Data supplied below:

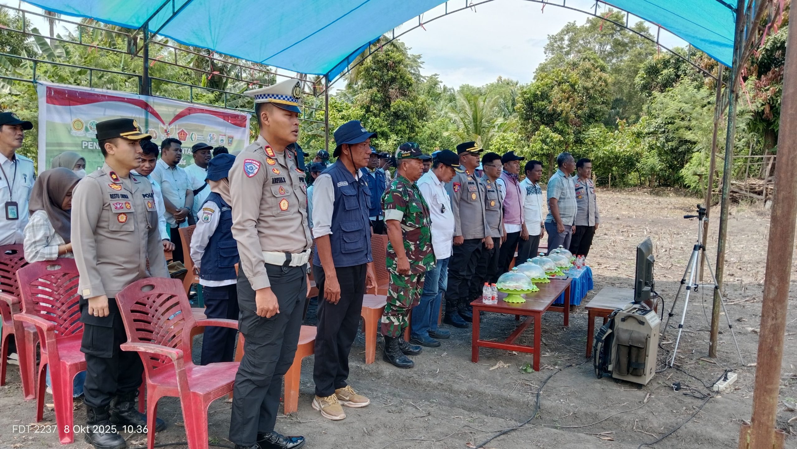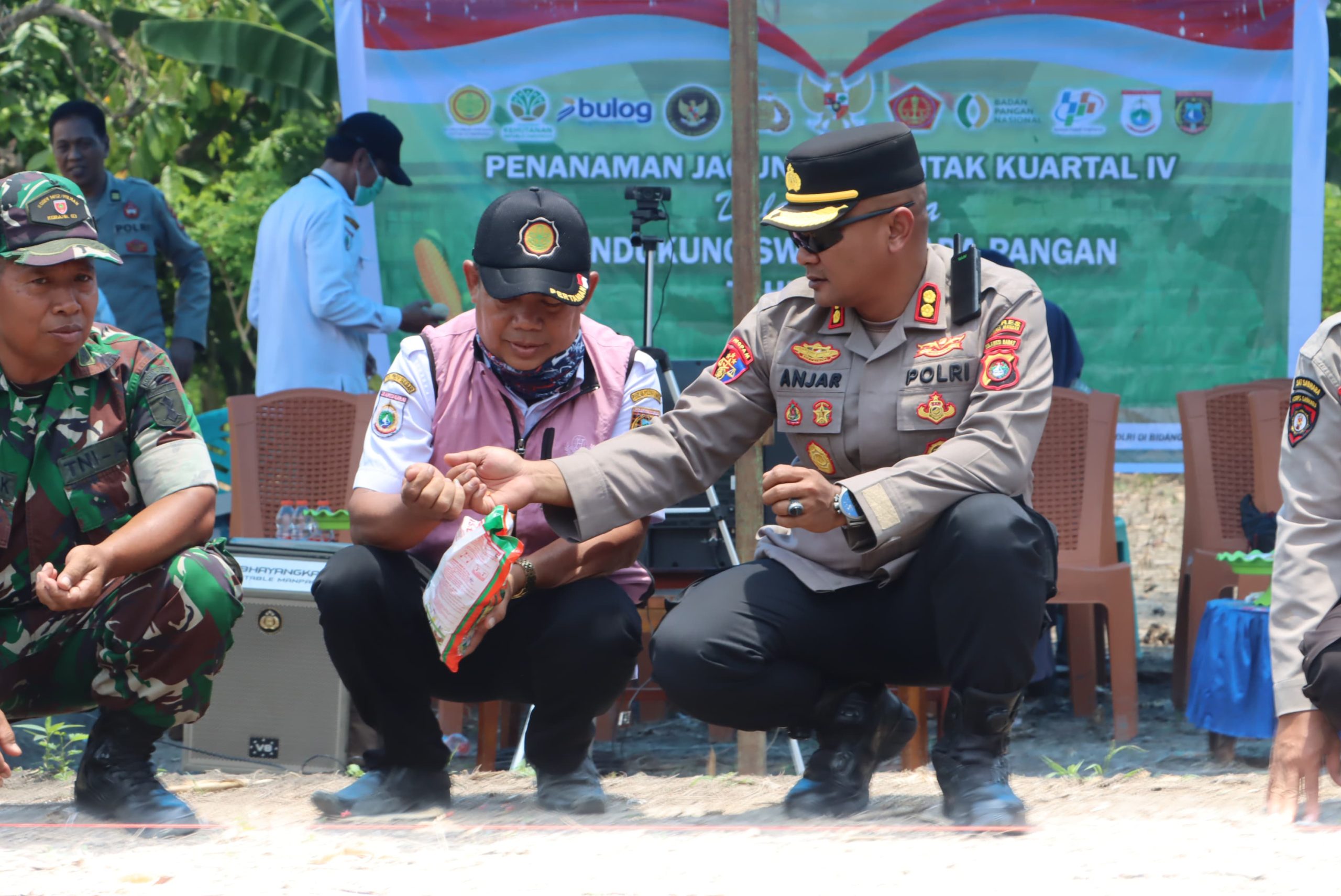Usai mengikuti rangkaian kegiatan virtual, Kapolres Polman Akbp Anjar Purwoko bersama Forkopimca Campalagian secara simbolis melaksanakan penanaman bibit jagung di lahan milik Ahmad alias Bapak Wahyu, seluas 75 are, yang berlokasi di Dusun Gattungan, Desa Gattungan.
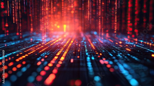 Abstract digital landscape with falling code in red and blue futuristic environment design
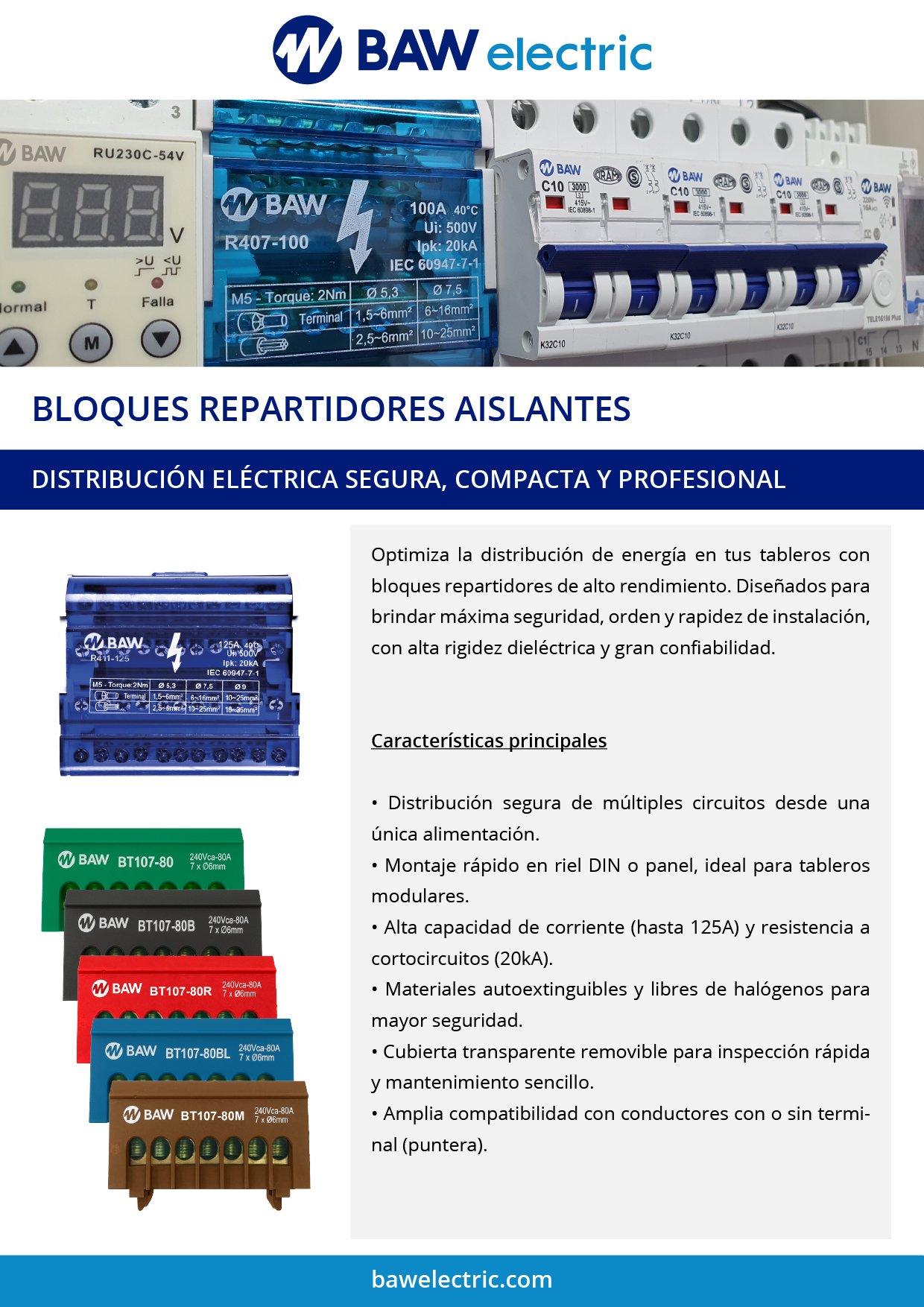 Con construcción basada en barras conductoras de cobre (equivalente 25 mm²) y envolvente aislante de poliamida libre de halógenos, ofrecen alta resistencia eléctrica y mecánica. Incorporan cubierta frontal removible de policarbonato transparente y separadores internos que facilitan el conexionado.
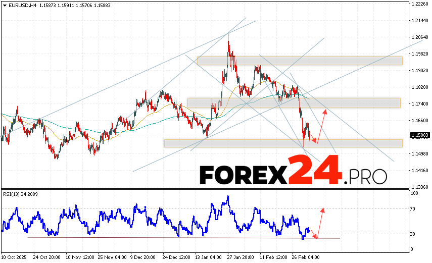 EUR/USD Forecast Euro Dollar for March 6, 2026 suggests an attempt at a bearish correction in currency quotes, testing support near 1.1560. This is where we should expect an upward rebound in the EUR/USD pair and an attempt at continued growth in the Forex market, targeting 1.1725. An additional signal supporting this scenario would be a break from the support line on the relative strength indicator (RSI). A decline in the EUR/USD pair and a break of 1.1475 would cancel the upward trend. This would indicate a break of the support zone and a continued decline in the currency pair on Forex toward 1.1275.
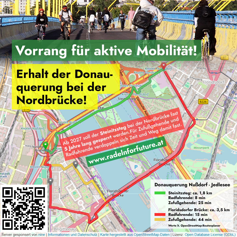 Ab 2027 soll der Steinitzsteg 5 Jahre lang dem Autoverkehr geopfert und für den Rad- und Fußverkehr gesperrt werden. Hintergrund ist die von der ASFiNAG angekündigte Sanierung der Nordbrücke. Die Folge sind fast doppelt so lange Umwege für Zufußgehende und Radfahrende.
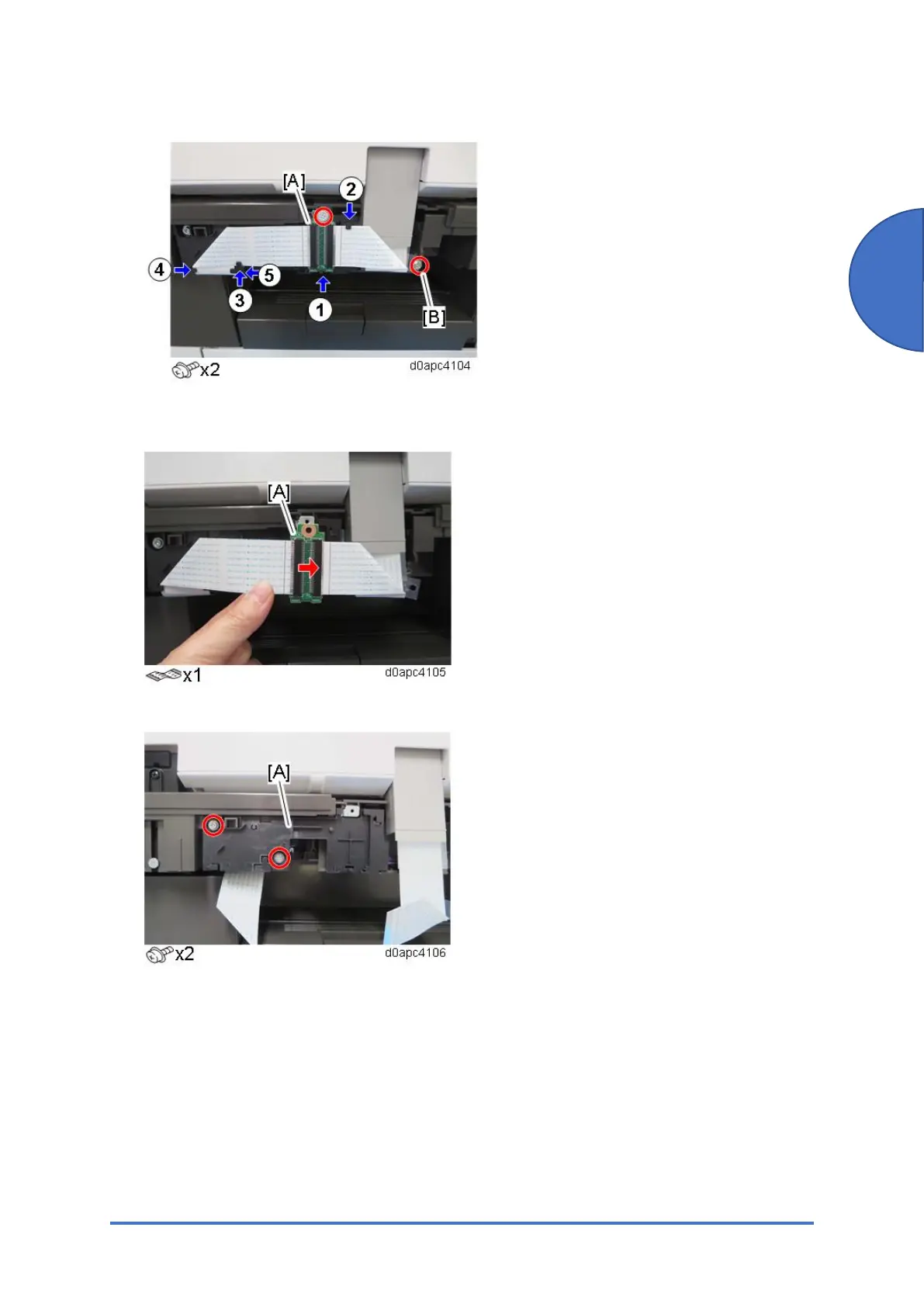 5. Disconnect the right FFC from the relay board [A] while pulling it out straight. (There is no

End of Data supplied.

• **Your assignment**
The lines from the one with "Con construcción basada" to the end of the data above should be retyped exactly, both ends included, and pictures are to be left out.

• **Answer**
 Con construcción basada en barras conductoras de cobre (equivalente 25 mm²) y envolvente aislante de poliamida libre de halógenos, ofrecen alta resistencia eléctrica y mecánica. Incorporan cubierta frontal removible de policarbonato transparente y separadores internos que facilitan el conexionado.
 EUR/USD Forecast Euro Dollar for March 6, 2026 suggests an attempt at a bearish correction in currency quotes, testing support near 1.1560. This is where we should expect an upward rebound in the EUR/USD pair and an attempt at continued growth in the Forex market, targeting 1.1725. An additional signal supporting this scenario would be a break from the support line on the relative strength indicator (RSI). A decline in the EUR/USD pair and a break of 1.1475 would cancel the upward trend. This would indicate a break of the support zone and a continued decline in the currency pair on Forex toward 1.1275.
 Ab 2027 soll der Steinitzsteg 5 Jahre lang dem Autoverkehr geopfert und für den Rad- und Fußverkehr gesperrt werden. Hintergrund ist die von der ASFiNAG angekündigte Sanierung der Nordbrücke. Die Folge sind fast doppelt so lange Umwege für Zufußgehende und Radfahrende.
 5. Disconnect the right FFC from the relay board [A] while pulling it out straight. (There is no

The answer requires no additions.